There are many issues covered in this book, including post-natal depression, and I found it quite thought-provoking at times. By the time I was about two-thirds through it was almost impossible to put down. I hoped that there would be a happy ending but it seemed hard to imagine how it could happen. Paige is still insecure about herself; Nicholas so caught up in his work that it’s hard for him to consider anyone’s point of view but his own. Perhaps a top surgeon has to have this kind of focus and the inability to switch off.

I do have a few minor niggles with the book that stop me from giving it a five-star rating. I didn’t like the detailed medical information, particularly the descriptions of what happens when Nicholas performs or supervises heart surgery. I am sure Jodi Picoult did her research thoroughly and probably had her scenes checked by those who work in this field but it wasn’t necessary to the story and made me feel very squeamish. A hint here and there would have been sufficient.

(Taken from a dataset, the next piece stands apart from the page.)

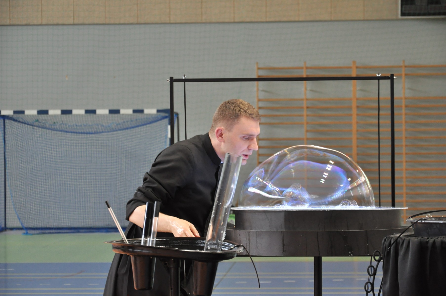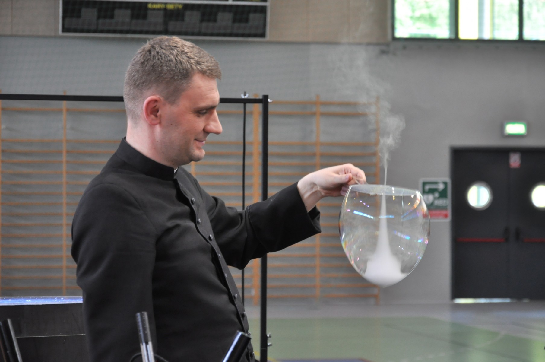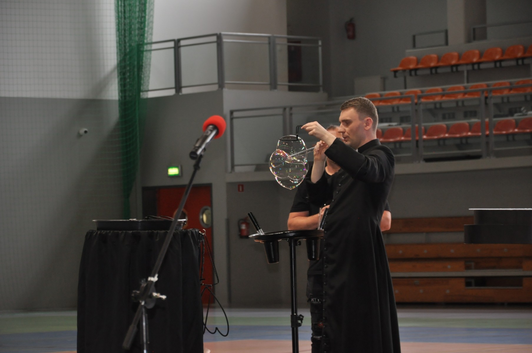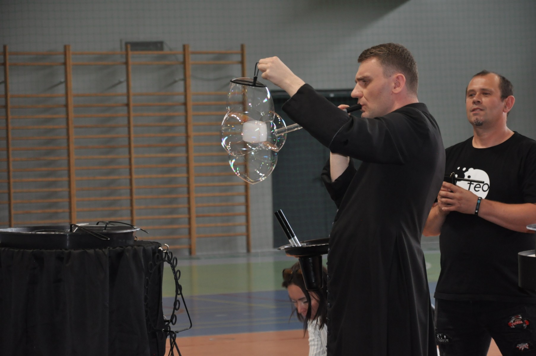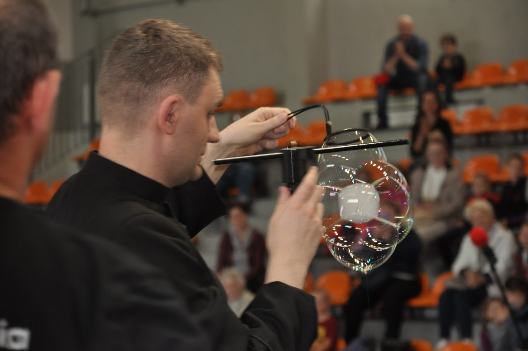 Ks. Teodor za pomocą nowoczesnych technik skupia wszystkich spragnionych bliskości z Bogiem w przestrzeni online. W sobotę wszyscy chętni mogli świętować z księdzem 5 urodziny Teobańkologii. Spotkanie tym razem na żywo odbyło się w hali sportowej Atola. Był pokaz baniek mydlanych w wykonaniu ks. Teodora. Dzieci i dorośli byli zachwyceni.
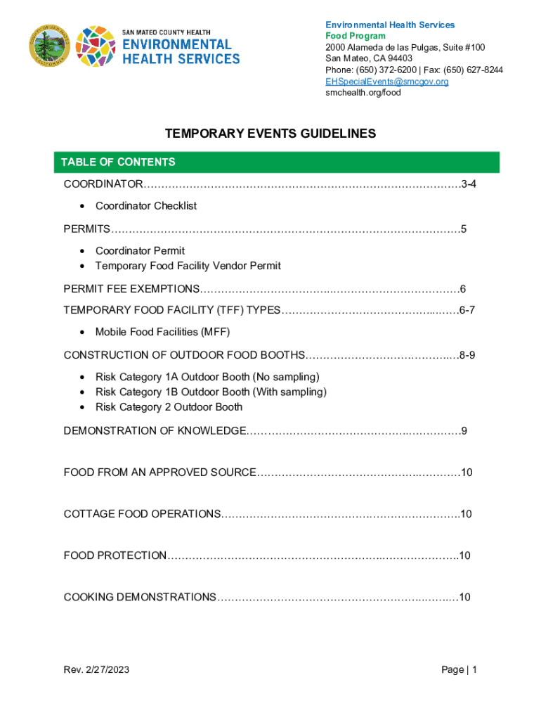Environmental Health Services Food Program 2000 Alameda de leis Pulleys, Suite #100 San Mateo, CA 94403 Phone: (650) 3726200 | Fax: (650) 6278244 EHSpecialEvents@smcgov.org smchealth.org/foodTEMPORARY

I also found myself cringing at some of the very dated information about babies - I know that solids were recommended at three months back in the ‘90s, but don’t believe that, even then, a baby at less than six months would be ‘promoted’ to a front-facing car seat. Nor is it likely that a baby of this age would use even a couple of words as clearly as Max does. But what disturbed me most is that Paige runs away when she has been breastfeeding Max around the clock; yet there’s no mention at all of the painful engorgement (and, quite likely, infection) that she would have suffered as a result.

They’re minor details, but they jarred. This is, though, in a sense a a compliment to the author because the characters got under my skin so much that I felt they were real. But it bugged me that her medical research was (I assume) thorough and meticulous, yet some of her descriptions of a young baby were not really appropriate.

Nevertheless, overall I thought this an excellent book and would recommend it highly.